我心中滾沸,他竟然為我涉險!雙拳難敵眾手,他一人如何突圍楚翼周密部署的陣仗?
難道,楚翼就是想以我引來趙慕?置趙慕於死地?楚翼,當真心思縝密。
卻不曾想,引來的不是趙慕,而是右手劍客無情。
我忐忑不安地看著戰況,籌謀著如何讓無情全身而退,可是,這節骨眼上,楚翼一定將他當作趙慕的爪牙或者下屬,怎麼可能稍有疏漏?
我又苦惱又焦灼,一時間竟想不出可行的法子。
突然,我注意到斜后側站著一抹白影,那人彎弓如月,箭搭弦上,眨眼之間,那冷箭已神不知、鬼不覺地飛射出去。心急如焚,我驚叫一聲:「小心!」
也許無需我示警,無情早已察覺背後的冷箭,輕巧地避過第一支冷箭,再快速地避過第二支冷箭,而黑衣人再次群攻而上。快如疾風,或如閃電,無情的天殘劍揮灑得爐火純青,巨浪卷雪一般地震退敵人,唯余,灰飛,煙滅。

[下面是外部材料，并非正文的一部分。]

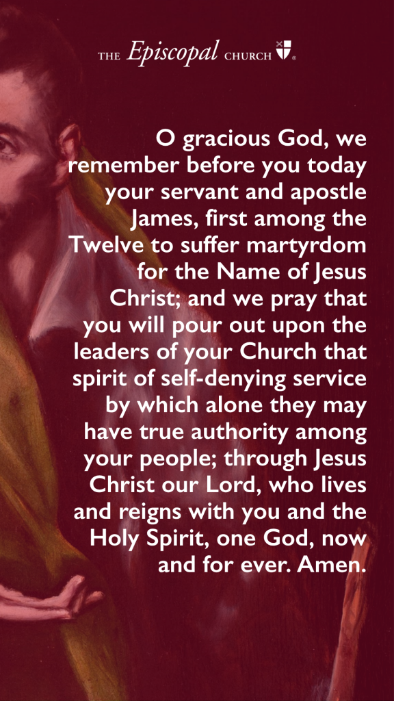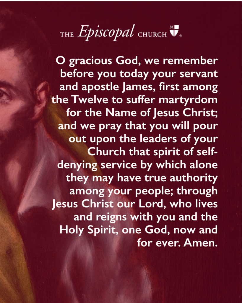 O gracious God, we remember before you today your servant and apostle James, first among the Twelve to suffer martyrdom for the Name of Jesus Christ; and we pray that you will pour out upon the leaders of your Church that spirit of self-denying service by which alone they may have true authority among your people; through Jesus Christ our Lord, who lives and reigns with you and the Holy Spirit, one God, now and for ever. Amen.

佔南風已受傷退下陣來,楚翼不知放了多少冷箭,皆被無情一一避過。我心中直罵他:真不夠光明磊落,卑鄙無恥……
「咻」的一聲,一支冷箭精準無誤地射入身體。
我驚懾地呆住,捂唇——無情突地不動,僵硬了身子,我看見,他的右胸赫然刺入一支冷箭。
只是片刻,他折斷箭柄,繼續揮劍殺戮,勇不可擋。
焦急之下,我的心驟然揪起來……腦中一閃,我移步到佔南風身後側,指間扣著一枚銀針,對準他的生死要穴,揚聲喊道:「住手!再不住手,他就命喪我手。」
激斗正酣,無人聽見我的喊聲,楚翼倒是徐步走來,儀態從容。佔南風對於我的舉動並不以為意,毫無懼色,一派談笑風生的氣度,「姑娘,你這是……」
楚翼抬臂制止打鬥,黑衣人立即罷斗,退至一側,刀劍在手,仍是備戰的姿勢。無情定住,不明所以地望向我,似有不解。
「一針下去,並不會致命。」楚翼眉間的笑意盎然。
「公子可曾聽聞『攝魂一線針』?」我緩緩勾起一抹隱約而涼涼的笑。
「『攝魂一線針』?」楚翼與佔南風不約而同地出聲,表情驚疑。
無情迅速走來,寒薄劍刃橫在佔南風的脖間,銀白鋒芒凜然閃動。我看見無情眉宇間的驚訝與讚賞,轉眸笑道:「怎麼?沒聽說過?」
楚翼半信半疑,仍然從容得不露絲毫破綻,「『攝魂一線針』乃春秋老人的獨門絕技,難道你是春秋老人的入室弟子?據我所知,春秋老人從不收徒。」
我嗤的一聲笑,「這只是傳言,我所使的便是春秋老人的『攝魂一線針』,若公子不信,大可一試。」
無情沉凝道:「傳聞『攝魂一線針』,只需一針下去,便可取人性命。」
我悠緩道:「並非傳聞,確有此事。」
佔南風盯著我,目光凝定,若有所思。楚翼仍然將信將疑,美眸凝聚起異樣的芒色。
無情拽著佔南風,劍刃逼近,冷漠地威脅道:「信與不信,你們自行選擇。」
楚翼忽地一笑,「你是右手劍客無情?」
「正是。」無情拉下蒙面的黑布,露出一張再無亂髮遮蔽的臉孔。
「好,我就賣右手劍客一個人情,你們走吧。」楚翼抬臂,黑衣人如水隱去,瞬間消失得無影無蹤。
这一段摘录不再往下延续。